* **REQUIRED WORK**: Word for word, copy every line of the data.

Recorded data

--- START ---

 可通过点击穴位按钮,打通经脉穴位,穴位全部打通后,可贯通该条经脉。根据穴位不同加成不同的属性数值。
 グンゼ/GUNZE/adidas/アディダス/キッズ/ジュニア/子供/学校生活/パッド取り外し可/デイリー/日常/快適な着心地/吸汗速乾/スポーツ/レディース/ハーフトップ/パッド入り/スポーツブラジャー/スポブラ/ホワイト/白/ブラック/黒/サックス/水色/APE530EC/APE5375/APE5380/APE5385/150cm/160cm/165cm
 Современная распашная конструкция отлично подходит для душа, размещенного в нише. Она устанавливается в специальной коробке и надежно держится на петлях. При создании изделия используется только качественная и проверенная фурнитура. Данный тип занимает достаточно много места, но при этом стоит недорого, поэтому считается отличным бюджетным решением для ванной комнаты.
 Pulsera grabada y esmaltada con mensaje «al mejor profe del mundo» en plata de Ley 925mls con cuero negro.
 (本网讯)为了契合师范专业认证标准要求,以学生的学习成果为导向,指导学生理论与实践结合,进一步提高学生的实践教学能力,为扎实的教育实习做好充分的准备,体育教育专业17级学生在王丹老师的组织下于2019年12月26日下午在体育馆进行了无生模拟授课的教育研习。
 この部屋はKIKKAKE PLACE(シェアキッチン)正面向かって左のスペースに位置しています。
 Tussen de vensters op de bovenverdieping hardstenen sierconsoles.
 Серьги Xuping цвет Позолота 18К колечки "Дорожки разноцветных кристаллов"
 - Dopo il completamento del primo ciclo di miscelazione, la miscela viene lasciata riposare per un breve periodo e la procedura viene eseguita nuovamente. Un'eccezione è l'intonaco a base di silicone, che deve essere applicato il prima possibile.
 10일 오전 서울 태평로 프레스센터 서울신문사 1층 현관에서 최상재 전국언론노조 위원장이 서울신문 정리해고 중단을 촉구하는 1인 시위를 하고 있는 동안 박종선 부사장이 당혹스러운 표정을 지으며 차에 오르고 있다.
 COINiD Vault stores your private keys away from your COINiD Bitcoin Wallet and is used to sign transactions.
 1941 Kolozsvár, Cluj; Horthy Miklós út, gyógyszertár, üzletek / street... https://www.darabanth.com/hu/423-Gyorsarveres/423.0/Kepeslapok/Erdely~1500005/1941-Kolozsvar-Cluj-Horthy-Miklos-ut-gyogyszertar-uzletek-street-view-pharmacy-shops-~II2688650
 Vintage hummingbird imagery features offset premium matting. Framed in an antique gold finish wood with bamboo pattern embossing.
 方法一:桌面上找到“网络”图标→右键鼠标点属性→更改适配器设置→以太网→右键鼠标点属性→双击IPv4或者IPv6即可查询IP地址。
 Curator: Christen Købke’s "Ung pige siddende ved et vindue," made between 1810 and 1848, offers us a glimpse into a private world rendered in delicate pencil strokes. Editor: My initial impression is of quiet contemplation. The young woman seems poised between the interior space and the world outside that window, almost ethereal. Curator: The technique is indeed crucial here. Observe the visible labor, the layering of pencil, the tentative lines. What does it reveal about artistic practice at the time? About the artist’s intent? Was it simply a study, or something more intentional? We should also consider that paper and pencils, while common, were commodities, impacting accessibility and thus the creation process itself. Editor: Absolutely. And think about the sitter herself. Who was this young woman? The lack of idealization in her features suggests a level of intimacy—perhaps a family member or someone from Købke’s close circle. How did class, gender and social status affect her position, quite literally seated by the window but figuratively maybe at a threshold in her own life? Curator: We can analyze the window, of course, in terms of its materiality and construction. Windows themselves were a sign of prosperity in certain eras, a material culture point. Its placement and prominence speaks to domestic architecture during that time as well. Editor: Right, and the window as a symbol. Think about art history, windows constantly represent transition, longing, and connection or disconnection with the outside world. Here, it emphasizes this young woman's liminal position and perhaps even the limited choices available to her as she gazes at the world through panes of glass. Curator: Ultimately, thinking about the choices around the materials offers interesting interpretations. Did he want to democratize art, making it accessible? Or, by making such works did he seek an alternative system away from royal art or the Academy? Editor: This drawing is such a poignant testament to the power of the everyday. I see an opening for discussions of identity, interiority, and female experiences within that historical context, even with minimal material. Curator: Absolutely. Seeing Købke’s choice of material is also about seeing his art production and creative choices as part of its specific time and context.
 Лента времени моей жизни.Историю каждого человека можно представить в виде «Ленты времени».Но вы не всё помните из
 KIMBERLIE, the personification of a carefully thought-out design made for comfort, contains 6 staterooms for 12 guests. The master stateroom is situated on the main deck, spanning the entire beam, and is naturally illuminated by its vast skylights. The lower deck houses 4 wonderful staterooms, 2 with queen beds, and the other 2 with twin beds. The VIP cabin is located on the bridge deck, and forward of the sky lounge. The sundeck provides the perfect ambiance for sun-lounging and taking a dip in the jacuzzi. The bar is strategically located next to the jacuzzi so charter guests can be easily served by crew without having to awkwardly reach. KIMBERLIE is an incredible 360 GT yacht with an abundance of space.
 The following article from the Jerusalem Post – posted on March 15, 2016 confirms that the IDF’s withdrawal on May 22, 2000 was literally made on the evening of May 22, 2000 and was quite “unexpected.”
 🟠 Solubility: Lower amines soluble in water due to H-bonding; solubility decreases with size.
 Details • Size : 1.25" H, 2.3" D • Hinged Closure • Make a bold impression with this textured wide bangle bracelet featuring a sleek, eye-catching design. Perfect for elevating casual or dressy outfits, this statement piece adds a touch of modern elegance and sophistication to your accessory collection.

--- END ---

* **EXPECTED ANSWER**:
 可通过点击穴位按钮,打通经脉穴位,穴位全部打通后,可贯通该条经脉。根据穴位不同加成不同的属性数值。
 グンゼ/GUNZE/adidas/アディダス/キッズ/ジュニア/子供/学校生活/パッド取り外し可/デイリー/日常/快適な着心地/吸汗速乾/スポーツ/レディース/ハーフトップ/パッド入り/スポーツブラジャー/スポブラ/ホワイト/白/ブラック/黒/サックス/水色/APE530EC/APE5375/APE5380/APE5385/150cm/160cm/165cm
 Современная распашная конструкция отлично подходит для душа, размещенного в нише. Она устанавливается в специальной коробке и надежно держится на петлях. При создании изделия используется только качественная и проверенная фурнитура. Данный тип занимает достаточно много места, но при этом стоит недорого, поэтому считается отличным бюджетным решением для ванной комнаты.
 Pulsera grabada y esmaltada con mensaje «al mejor profe del mundo» en plata de Ley 925mls con cuero negro.
 (本网讯)为了契合师范专业认证标准要求,以学生的学习成果为导向,指导学生理论与实践结合,进一步提高学生的实践教学能力,为扎实的教育实习做好充分的准备,体育教育专业17级学生在王丹老师的组织下于2019年12月26日下午在体育馆进行了无生模拟授课的教育研习。
 この部屋はKIKKAKE PLACE(シェアキッチン)正面向かって左のスペースに位置しています。
 Tussen de vensters op de bovenverdieping hardstenen sierconsoles.
 Серьги Xuping цвет Позолота 18К колечки "Дорожки разноцветных кристаллов"
 - Dopo il completamento del primo ciclo di miscelazione, la miscela viene lasciata riposare per un breve periodo e la procedura viene eseguita nuovamente. Un'eccezione è l'intonaco a base di silicone, che deve essere applicato il prima possibile.
 10일 오전 서울 태평로 프레스센터 서울신문사 1층 현관에서 최상재 전국언론노조 위원장이 서울신문 정리해고 중단을 촉구하는 1인 시위를 하고 있는 동안 박종선 부사장이 당혹스러운 표정을 지으며 차에 오르고 있다.
 COINiD Vault stores your private keys away from your COINiD Bitcoin Wallet and is used to sign transactions.
 1941 Kolozsvár, Cluj; Horthy Miklós út, gyógyszertár, üzletek / street... https://www.darabanth.com/hu/423-Gyorsarveres/423.0/Kepeslapok/Erdely~1500005/1941-Kolozsvar-Cluj-Horthy-Miklos-ut-gyogyszertar-uzletek-street-view-pharmacy-shops-~II2688650
 Vintage hummingbird imagery features offset premium matting. Framed in an antique gold finish wood with bamboo pattern embossing.
 方法一:桌面上找到“网络”图标→右键鼠标点属性→更改适配器设置→以太网→右键鼠标点属性→双击IPv4或者IPv6即可查询IP地址。
 Curator: Christen Købke’s "Ung pige siddende ved et vindue," made between 1810 and 1848, offers us a glimpse into a private world rendered in delicate pencil strokes. Editor: My initial impression is of quiet contemplation. The young woman seems poised between the interior space and the world outside that window, almost ethereal. Curator: The technique is indeed crucial here. Observe the visible labor, the layering of pencil, the tentative lines. What does it reveal about artistic practice at the time? About the artist’s intent? Was it simply a study, or something more intentional? We should also consider that paper and pencils, while common, were commodities, impacting accessibility and thus the creation process itself. Editor: Absolutely. And think about the sitter herself. Who was this young woman? The lack of idealization in her features suggests a level of intimacy—perhaps a family member or someone from Købke’s close circle. How did class, gender and social status affect her position, quite literally seated by the window but figuratively maybe at a threshold in her own life? Curator: We can analyze the window, of course, in terms of its materiality and construction. Windows themselves were a sign of prosperity in certain eras, a material culture point. Its placement and prominence speaks to domestic architecture during that time as well. Editor: Right, and the window as a symbol. Think about art history, windows constantly represent transition, longing, and connection or disconnection with the outside world. Here, it emphasizes this young woman's liminal position and perhaps even the limited choices available to her as she gazes at the world through panes of glass. Curator: Ultimately, thinking about the choices around the materials offers interesting interpretations. Did he want to democratize art, making it accessible? Or, by making such works did he seek an alternative system away from royal art or the Academy? Editor: This drawing is such a poignant testament to the power of the everyday. I see an opening for discussions of identity, interiority, and female experiences within that historical context, even with minimal material. Curator: Absolutely. Seeing Købke’s choice of material is also about seeing his art production and creative choices as part of its specific time and context.
 Лента времени моей жизни.Историю каждого человека можно представить в виде «Ленты времени».Но вы не всё помните из
 KIMBERLIE, the personification of a carefully thought-out design made for comfort, contains 6 staterooms for 12 guests. The master stateroom is situated on the main deck, spanning the entire beam, and is naturally illuminated by its vast skylights. The lower deck houses 4 wonderful staterooms, 2 with queen beds, and the other 2 with twin beds. The VIP cabin is located on the bridge deck, and forward of the sky lounge. The sundeck provides the perfect ambiance for sun-lounging and taking a dip in the jacuzzi. The bar is strategically located next to the jacuzzi so charter guests can be easily served by crew without having to awkwardly reach. KIMBERLIE is an incredible 360 GT yacht with an abundance of space.
 The following article from the Jerusalem Post – posted on March 15, 2016 confirms that the IDF’s withdrawal on May 22, 2000 was literally made on the evening of May 22, 2000 and was quite “unexpected.”
 🟠 Solubility: Lower amines soluble in water due to H-bonding; solubility decreases with size.
 Details • Size : 1.25" H, 2.3" D • Hinged Closure • Make a bold impression with this textured wide bangle bracelet featuring a sleek, eye-catching design. Perfect for elevating casual or dressy outfits, this statement piece adds a touch of modern elegance and sophistication to your accessory collection.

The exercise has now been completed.